What you need to do :: Begin at the line that has "活力天街場(chǎng)景—", stop after the line that has "ドイツのニュルブルクリンクサ", and print exactly those lines from the records below, without any pictures.
+ + + +
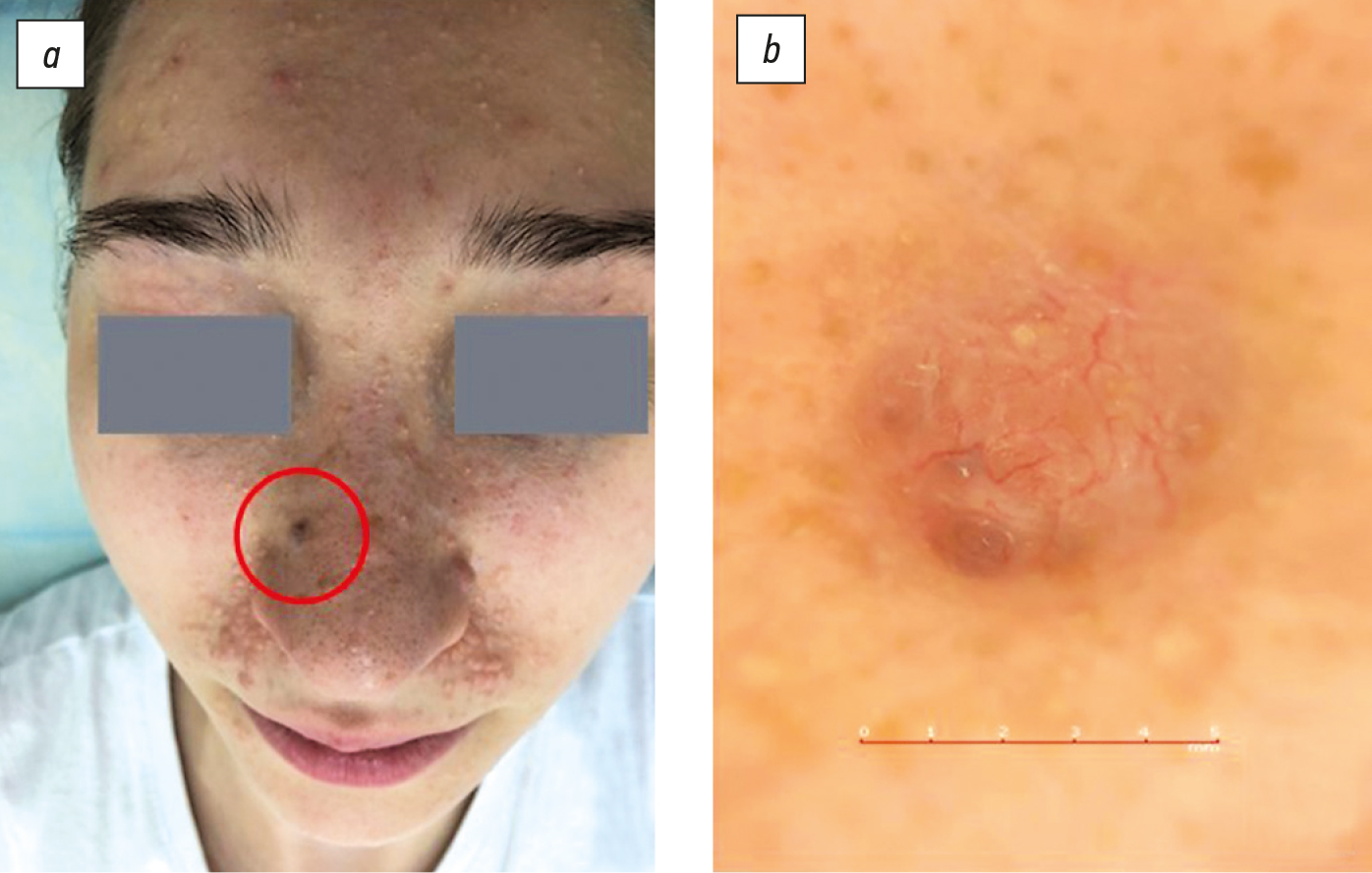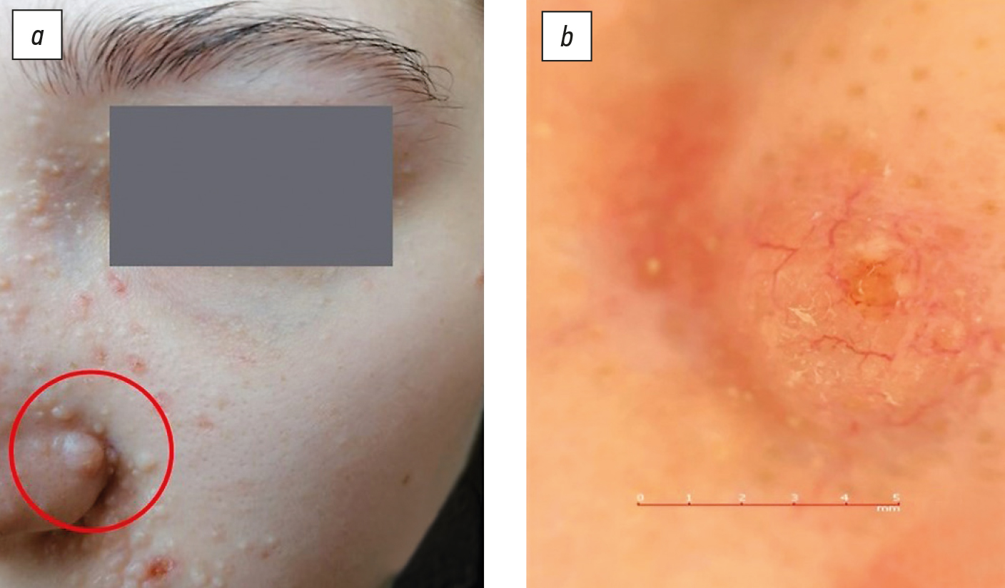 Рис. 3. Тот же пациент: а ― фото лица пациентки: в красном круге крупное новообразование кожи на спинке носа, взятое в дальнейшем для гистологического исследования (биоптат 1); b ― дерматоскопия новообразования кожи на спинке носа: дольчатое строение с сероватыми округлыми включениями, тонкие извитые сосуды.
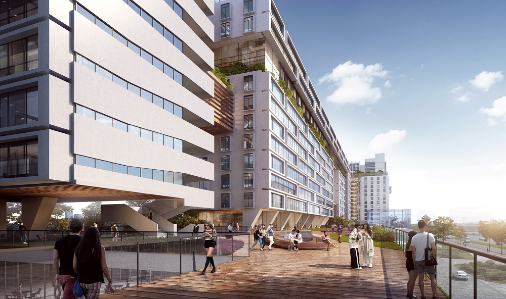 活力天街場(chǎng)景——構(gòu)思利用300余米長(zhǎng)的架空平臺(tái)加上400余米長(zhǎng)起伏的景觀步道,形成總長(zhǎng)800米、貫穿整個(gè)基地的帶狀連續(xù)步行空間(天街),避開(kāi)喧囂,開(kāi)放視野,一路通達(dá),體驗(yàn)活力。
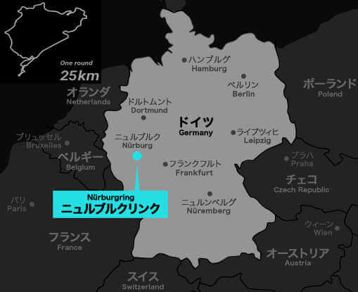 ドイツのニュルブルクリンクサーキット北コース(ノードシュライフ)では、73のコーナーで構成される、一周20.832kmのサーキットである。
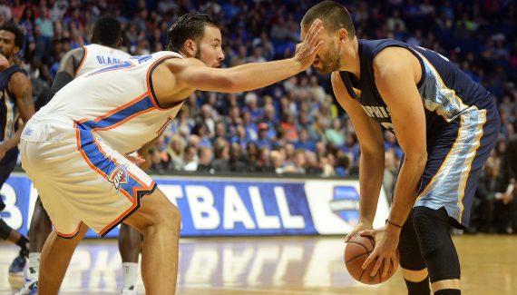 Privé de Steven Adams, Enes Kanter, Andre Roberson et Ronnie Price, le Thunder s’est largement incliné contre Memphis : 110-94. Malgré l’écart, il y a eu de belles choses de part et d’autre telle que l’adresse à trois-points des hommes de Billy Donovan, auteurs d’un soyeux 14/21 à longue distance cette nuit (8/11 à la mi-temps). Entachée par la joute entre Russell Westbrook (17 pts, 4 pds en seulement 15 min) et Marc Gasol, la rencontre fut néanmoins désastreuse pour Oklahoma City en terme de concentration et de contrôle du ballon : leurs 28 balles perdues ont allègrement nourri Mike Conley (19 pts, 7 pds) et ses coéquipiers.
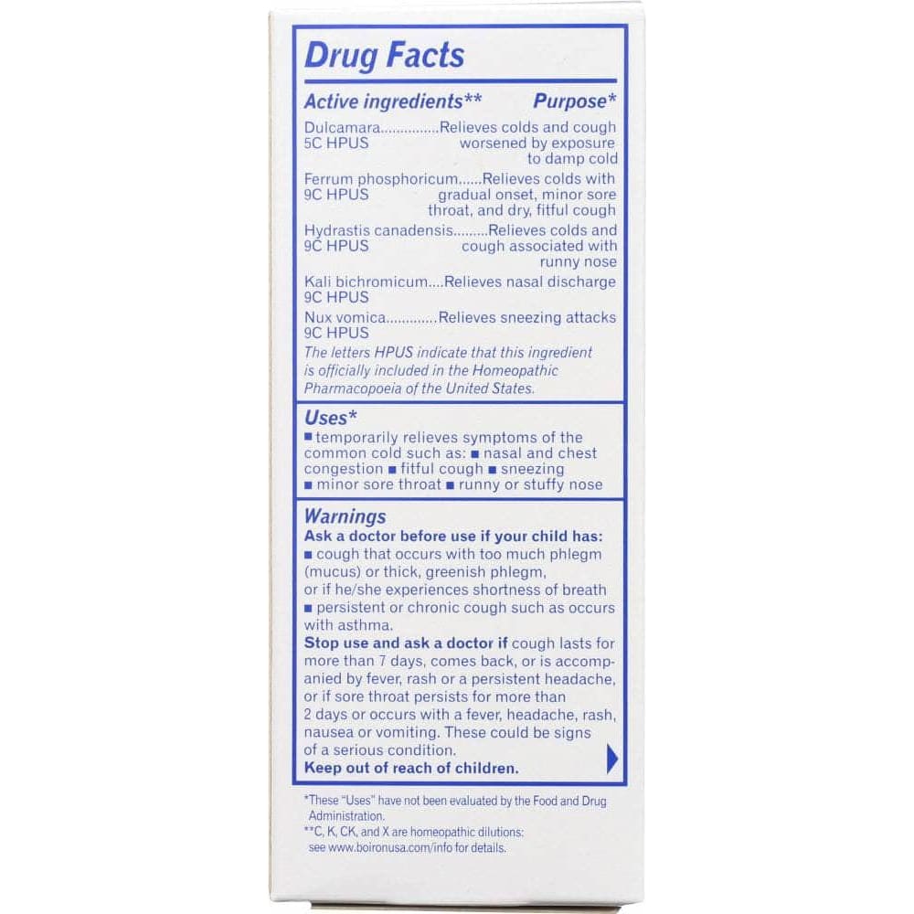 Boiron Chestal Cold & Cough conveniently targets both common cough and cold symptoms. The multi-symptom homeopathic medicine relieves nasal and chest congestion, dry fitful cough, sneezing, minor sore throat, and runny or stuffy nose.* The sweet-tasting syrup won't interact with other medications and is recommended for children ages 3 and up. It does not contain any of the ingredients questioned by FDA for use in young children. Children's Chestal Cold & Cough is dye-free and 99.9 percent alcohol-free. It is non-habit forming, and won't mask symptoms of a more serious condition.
+ + + +
Your response ::
 活力天街場(chǎng)景——構(gòu)思利用300余米長(zhǎng)的架空平臺(tái)加上400余米長(zhǎng)起伏的景觀步道,形成總長(zhǎng)800米、貫穿整個(gè)基地的帶狀連續(xù)步行空間(天街),避開(kāi)喧囂,開(kāi)放視野,一路通達(dá),體驗(yàn)活力。
 ドイツのニュルブルクリンクサーキット北コース(ノードシュライフ)では、73のコーナーで構成される、一周20.832kmのサーキットである。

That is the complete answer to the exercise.